Não existe um único “melhor” para todos. Para infecções leves e superficiais, os esmaltes antifúngicos (amorolfina ou ciclopirox) são opções seguras. Para infecções moderadas a graves, a terbinafina oral é considerada o padrão‑ouro por muitos especialistas, por apresentar as maiores taxas de cura e boa tolerância. A escolha deve levar em conta a extensão do problema, a saúde geral do paciente e a orientação médica.
Quanto tempo leva para o tratamento fazer efeito?
O fungo é eliminado nas primeiras semanas de tratamento, mas a unha doente só é substituída por uma unha saudável à medida que cresce. Em unhas dos pés, o crescimento completo pode levar de 9 a 12 meses. Por isso, o tratamento deve ser mantido até que a unha nova tenha substituído totalmente a parte afetada, mesmo que o aspecto melhore antes.

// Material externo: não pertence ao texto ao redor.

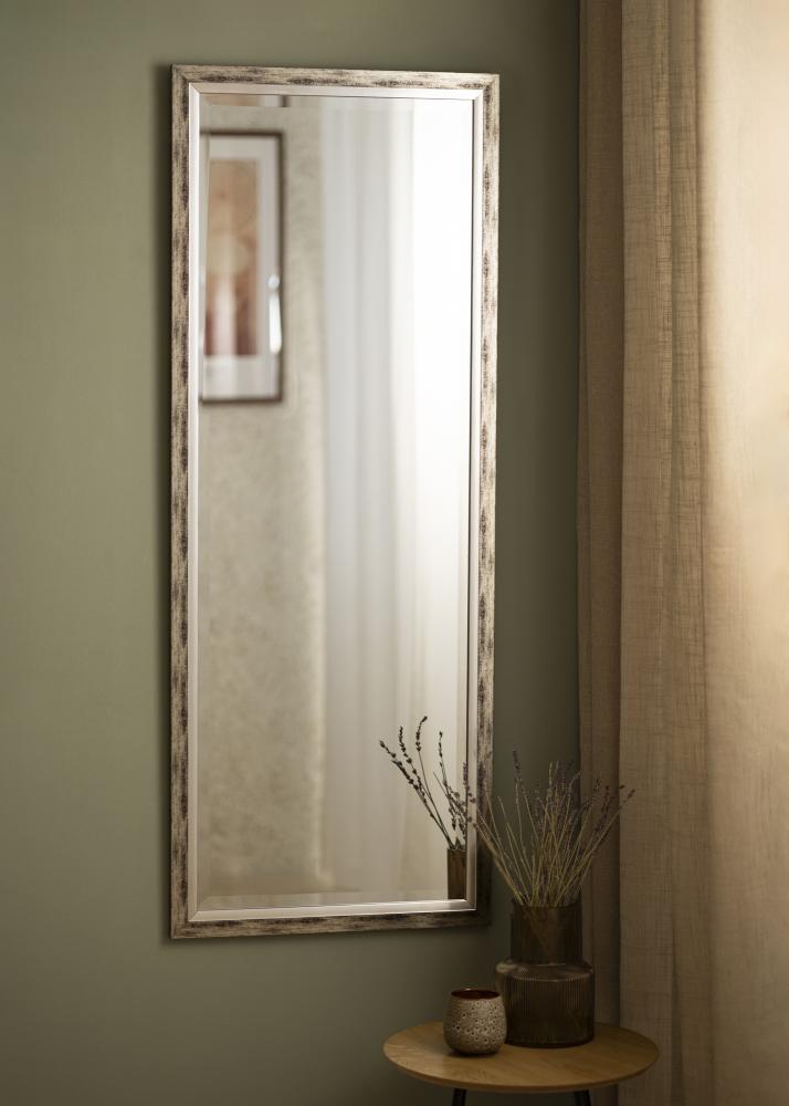Rendi la parete interessante con questo bello specchio! Lo specchio ha una cornice argento con una ampia parte "consumata" all'esterno e una parte argento più vicina al vetro. Il vetro è elegantemente e l'insieme crea profondità sulla tua parete. Il design si adatta bene sia in una casa di campagna moderna che in un ambiente più urbano.

Posso usar apenas remédios caseiros para tratar micose de unha?
Remédios caseiros como vinagre, óleo de melaleuca, bicarbonato ou alho não têm eficácia comprovada em estudos clínicos robustos. Embora possam ter alguma ação antifúngica in vitro, não penetram adequadamente a unha e não eliminam a infecção de forma confiável. O uso exclusivo dessas substâncias costuma atrasar o tratamento adequado e permitir que a micose se agrave. O ideal é buscar orientação dermatológica.

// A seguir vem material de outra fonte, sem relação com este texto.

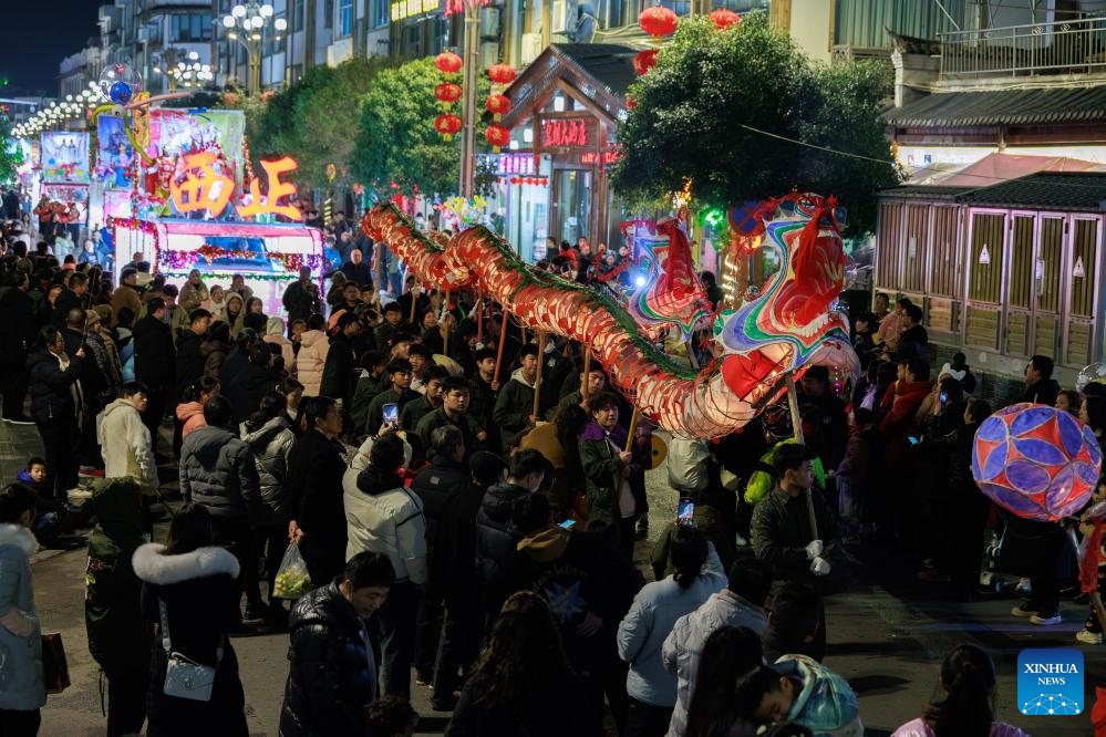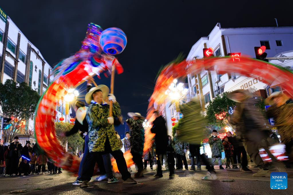 Performers are seen during a dragon lantern parade in Shibing County of Qiandongnan Miao and Dong Autonomous Prefecture, southwest China's Guizhou Province, Feb. 6, 2025. "Shibing dragon lantern", a provincial intangible cultural heritage in Guizhou, is a festive dragon lantern dance in Shibing County and featured by the fantastic performance amid fireworks.

O tratamento é doloroso? Existem efeitos colaterais?
Os tratamentos tópicos são indolores e raramente causam efeitos colaterais, além de eventual irritação local. Já os antifúngicos orais podem provocar desconforto abdominal, náuseas e dor de cabeça. A terbinafina raramente causa alteração ou perda do paladar (disgeusia). O itraconazol e o fluconazol podem interagir com vários medicamentos e exigem monitoramento da função hepática. O dermatologista avaliará os riscos e benefícios antes de prescrever.
Posso pintar as unhas durante o tratamento?

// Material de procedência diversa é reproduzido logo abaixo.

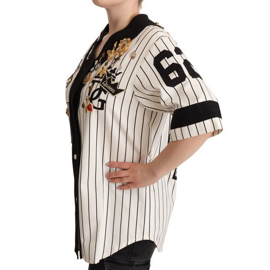 Dolce & Gabbana White Cotton Crystal Charms Amore Shirt

Recomenda-se evitar o uso de esmaltes cosméticos sobre a unha em tratamento, pois eles podem dificultar a penetração do medicamento e criar um ambiente úmido que favorece o fungo. Caso seja necessário por razões estéticas, o ideal é aplicar o esmalte antifúngico e, depois que ele secar, utilizar um esmalte comum por cima, mas sem comprometer a adesão.
Depois de curado, a micose pode voltar?
Sim, a recidiva é relativamente comum, especialmente em pessoas com fatores de risco persistentes (pé de atleta, uso de calçados fechados, diabetes, imunossupressão). Para reduzir as chances de retorno, é fundamental: manter os pés sempre secos, trocar meias diariamente, desinfetar calçados com pó antifúngico, não compartilhar alicates e lixas, e tratar eventuais infecções nos pés (como o pé de atleta) assim que surgirem.
Fechando a Analise
A onicomicose é uma infecção desafiadora, mas tratável. O “melhor remédio” depende de uma avaliação individualizada: para casos iniciais e limitados, os esmaltes antifúngicos (amorolfina, ciclopirox) oferecem uma alternativa segura, embora de eficácia moderada. Para infecções mais extensas ou profundas, os antifúngicos orais – em especial a terbinafina – apresentam as maiores taxas de cura. Combinar o tratamento medicamentoso com medidas de higiene e desbaste mecânico aumenta significativamente as chances de sucesso.
Lembre-se: o diagnóstico correto é o primeiro passo. Muitas condições podem imitar a micose, e o uso inadequado de medicamentos pode gerar resistência ou efeitos adversos. Consulte um dermatologista sempre que notar alterações nas unhas, especialmente se houver dor, espessamento ou envolvimento de várias unhas. Com paciência e adesão ao plano terapêutico, a maioria dos pacientes consegue eliminar a infecção e recuperar unhas saudáveis.